Beyond that, engineering a quark-gluon plasma as a processor? I'd watch that Star Trek episode. (we might fantasize about stuff like that but we're roughly monkeys smashing rocks together in a cave vs. building an iPhone sort of gap away from that kind of thing unless somebody has a really good idea)
You also have quantum computing, which I think can/does use subatomic particles? Not sure about that one
Another type of quantum computer uses qubits consisting of "quantum circuits" which are actually huge macroscopic constructions (> 1mm).
Wait, what? How does this work in principle for storage? You can store electrons but you're saying you can store photons too?
>We got pretty damn close in the vacuum tube era
Uh, what?
There's only so many fundamental interactions in the Universe. Computing requires you to be able to distinguish two states and our current methodology is built around some sort of black box three input machine that can output either state, a switch.
That switch is the part that cannot be scaled down infinitely. The reality we are familiar with doesn't exist at atomic scales. "Things" don't even have properly defined boundaries at a certain level, and thermal noise is a huge issue.
IMO a much more direct limiter of our current computing capability is lack of manufacturing ability, and heat. We were lucky that transistors were so amenable to lithography as a concept, that they work so well in 2D and as a surface feature, as that is what drove our advances the past 100 years and enabled computing to be such a normal thing. The combination of a "Solid state" effect, the electric force having very convenient properties, and lithography being so amenable to scaling things in various directions is how we got here.
But lithography doesn't scale into 3D. We've been hacking around that by doing more layers but that scales awfully, has very strict limitations, and makes the heat problem infinitely worse, to the point of making it impossible to work around.

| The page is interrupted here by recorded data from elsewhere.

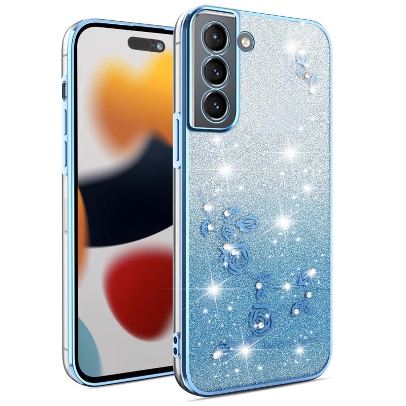 For Samsung Galaxy S21 5G Gradient Glitter Flower All-inclusive Phone Case(Blue)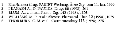FAZIT: Der neue Protonenpumpenhemmer Rabeprazol (PARIET) soll besonders rasch wirken - eine zu Marketing-Zwecken hervorgehobene in-vitro- Eigenschaft, deren klinischer Nutzen nicht belegt ist. Auf Grund potentieller Blockierung anderer Enzyme im Organismus lassen sich besondere Schadeffekte nicht ausschließen. Der im Vergleich zu Omeprazol (ANTRA u.a.) etwas günstigere Preis kann die möglichen Risiken der Pseudoinnovation nicht ausgleichen.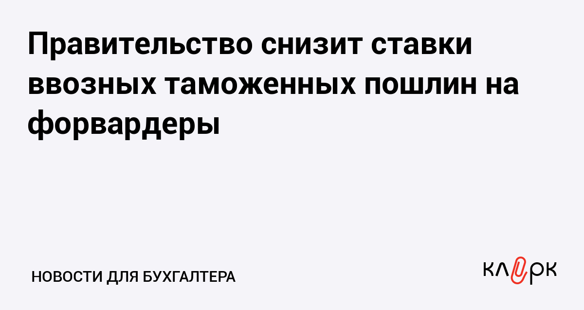 Правительство снизит ставки ввозных таможенных пошлин на форвардеры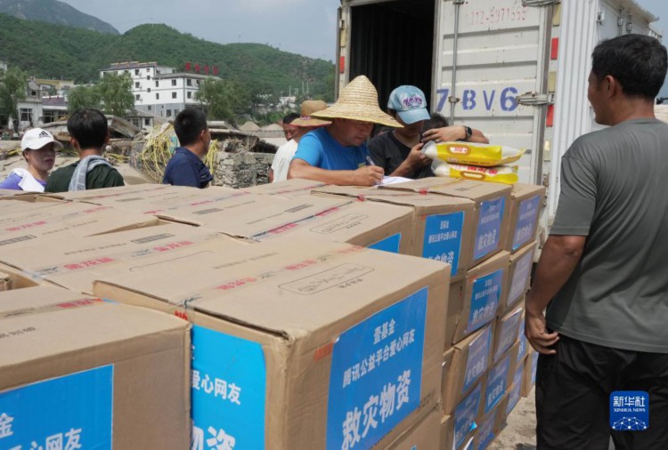 8月9日,涞水县三坡镇上庄村村民在领取大米。 近日,河北省保定市涞水县出现强降雨,部分村庄交通、通讯等受阻。强降雨过后,当地在积极组织力量抢修重建的同时,及时将政府采购和社会各界捐赠的粮油、蔬菜、饮用水等物资送到群众家门口,以确保山区农村受灾群众基本生活需求。 新华社记者 杨世尧 摄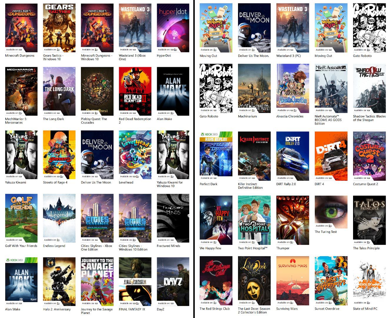 دومین مزیت، متنوع و سیال بودن فهرست بازیهای موجود در آن است. شرکت مایکروسافت طی این سه سال گذشته از زمان عرضهی سرویس، همواره تلاش کرده است تا علاوه بر عناوین باکیفیت، آثار جدید را هم در آن قرار دهد و حتی بازیهای متعددی همزمان با زمان انتشار، در ایکسباکس گیم پس قرار میگیرند. برجستهترین این موارد شاید آثار استودیوهای داخلی خود مایکروسافت باشد. عناوینی چون Gears 5، Forza Horizon 4 و Ori and the Will of the Wisps در همان روز عرضه برای کاربران گیم پس قابل بازی بودند و حتی آثاری که در آینده منتشر میشوند مثل بازی مورد انتظار Halo Infinite هم قرار است از این قاعده پیروی کنند. این تنها محدود به عناوین خود مایکروسافت هم نیست و اقدام مشابهی برای آثاری مثل Streets of Rage 4 و The Outer Worlds انجام شده و قطعا در آینده عناوین بیشتری هم خواهیم دید. بازیهای بسیار محبوبی هم هر چند وقت یک بار به این کاتالوگ راه پیدا میکنند که شاید بهترین مثالش Red Dead Redemption 2 باشد.

If we could assemble things atom by atom exactly how we want, we could vastly improve our theory and practice, and build really intricate processor chunks with effective cooling channels or something, and computing would scale so much more. Maybe. Maybe some other problem would suddenly start dominating in that world.
Biology literally is nanotechnology, but it takes massive tradeoffs in exchange. It might never be possible to manufacture, at scale, stuff atom by atom. The Universe doesn't promise us infinite progress in technology. Quite the opposite.
The issue with “just” photons and electrons is that you need something else to force them to behave like you want. And photons are large and non-interacting, really the opposite of what you want for computing. Great for communications of course.
what matters is the size of the pumbing
https://en.wikipedia.org/wiki/Exotic_matter
I always thought the true limit was the Planck length against which an atom is giant. There's a whole zoo of sub-atomic particles but I don't think we know how (or if) we can apply those for practical computing.